Serena posó su mano en la de Damian, rígida, fría. La música los envolvió mientras se deslizaban por la pista.

Él sonrió con ese mismo aire encantador que tantas veces la había hecho ceder.

- Te ves hermosa esta noche. - susurró, seguro de su efecto.

Pero Serena ya no lo escuchaba como antes. En su interior, las palabras eran ecos huecos. Lo veía como realmente era: un hombre atractivo, sí, pero vacío, infantil en su egoísmo, incapaz de dar lo que ella quería.

Y que ahora entendía, merecía.

Le di mi primera vez… El pensamiento la atravesó como un cuchillo. El recuerdo del engaño en su cama aún le revolvía el estómago. Y todo para descubrir que no valía nada para él.

Sintió asco, vergüenza… y, sobre todo, una determinación creciente.
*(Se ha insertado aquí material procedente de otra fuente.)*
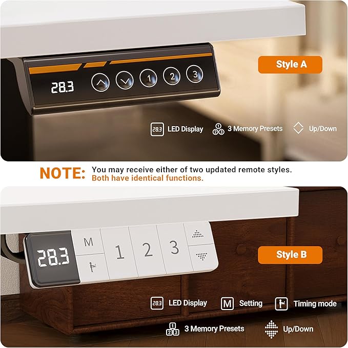 - 3-Button Memory Presets: The electric standing desk features an LED display hand controller for easy height adjustments and to monitor the current height. It also comes with three memory preset buttons, allowing users to quickly switch between their preferred heights with just one touch, enhancing convenience and work efficiency.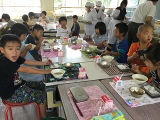 2学期がスタートして給食も始まっています。小学生部、中学部ともにおいしくいただいています。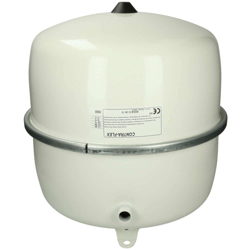 High-quality diaphragm expansion vessel suitable for closed heating and cooling installations. The flexible diaphragm compensates the thermal expansion of the water. Thereby, the pressure of the system remains constant. The vessel is filled with nitrogen gas to protect it against corrosion and pressure losses. Each vessel is factory-tested for tightness and pre-pressure. The diaphragm made of SBR rubber is approved for a glycol content of up to 50% in the water. The powder-coated steel half shells are connected by a galvanised clamp ring. The vessel is equipped with 3 stable, welded-on support feet.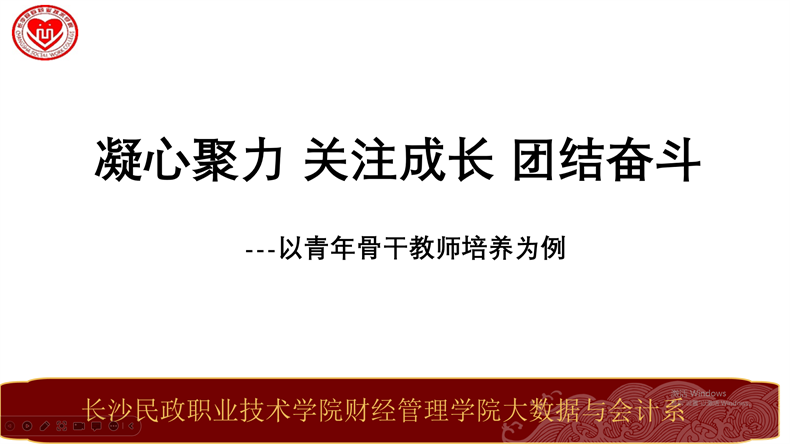 最后,周艷分享了長沙民政職業技術學院財經管理學院大數據與會計系青年骨干教師培養的成效。她講到,在學校教師培養計劃的推進下,大部分青年教師成為了“雙師型”教師,并具備行業企業工作經歷,還在骨干課程建設競賽中擔任指導教師,更有優秀者獲得教育廳廳級課題1項。雖然,教師培養取得了顯著成效,但是,周艷認為,教師培養過程中也顯露出不少問題,如教師的教學研究能力和教學競賽能力還有待提高。針對這些問題,她指出,青年教師需仔細閱讀1-3年教研教改文章、講師后專業論文及課題申報文章,并積極參加教師職業技能大賽與教師教學能力大賽,嚴格要求自己,不斷提升自己的專業技能。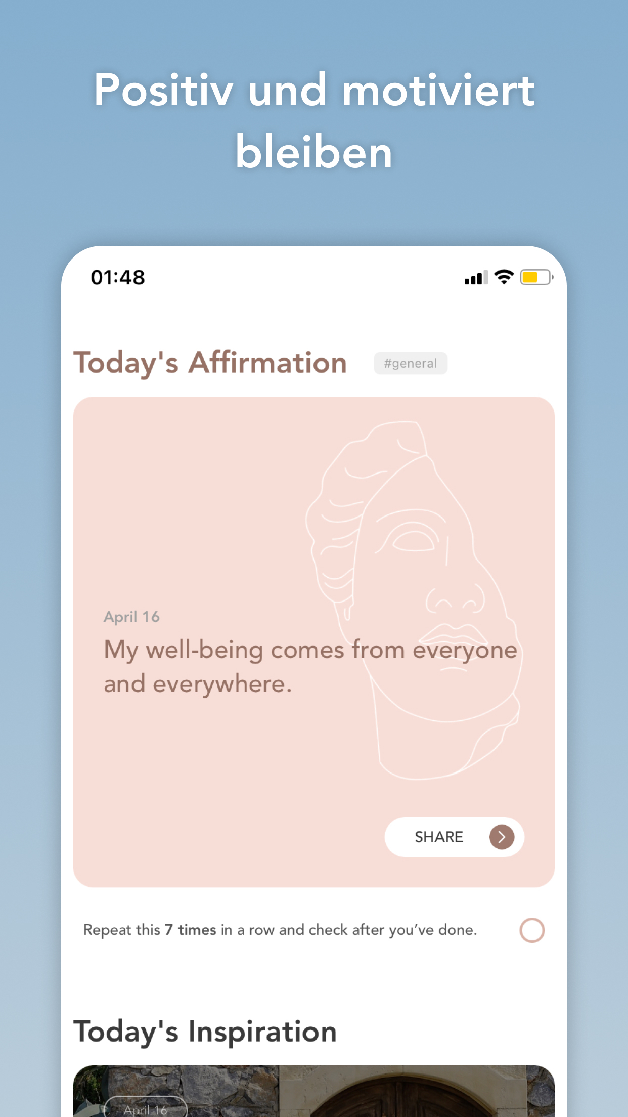 Die einzige App für psychische Gesundheit, die auf Ihre Persönlichkeit zugeschnitten ist. Weil wir alle einzigartig sind! Wir alle brauchen unsere einzigartige Reise zum Wohlbefinden und zur Transformation der Selbstliebe.

Jamás volverás a tocarme. Jamás volverás a tenerme como una tonta a tus pies. Este es el último baile, Damian. El último. No seré una víctima cliché con la que puedas jugar.

Cuando la música se detuvo, Serena sonrió. Una sonrisa perfecta, encantadora, que confundió a Damian porque no era la de una mujer herida, sino la de alguien que ya había tomado una decisión irrevocable. Esperaba que le dijera algo por no haberla seguido cuando lo encontró en la cama o por la mujer entre sus piernas... Nada... Y eso lo desconcertó. En su confianza inmadura creyó que Serena lo dejaría pasar, como tantas otras cosas que le había hecho. Olvidar sus cumpleaños, dejarla plantada en una cita, no llegar a un compromiso por irse de fiesta con sus amigos... Ella siempre lo perdonaba. Sería igual esta vez.

Él la afirmó de la cintura y la atrajo de regreso hacia él, satisfecho en su arrogancia.

- Baila conmigo de nuevo, Serena... Siempre hemos bailado bien juntos. - le dijo con coquetería.

Serena lo observó en silencio y lo siguió con la gracia que siempre había mostrado, pero por dentro, el capítulo ya estaba cerrado para ella.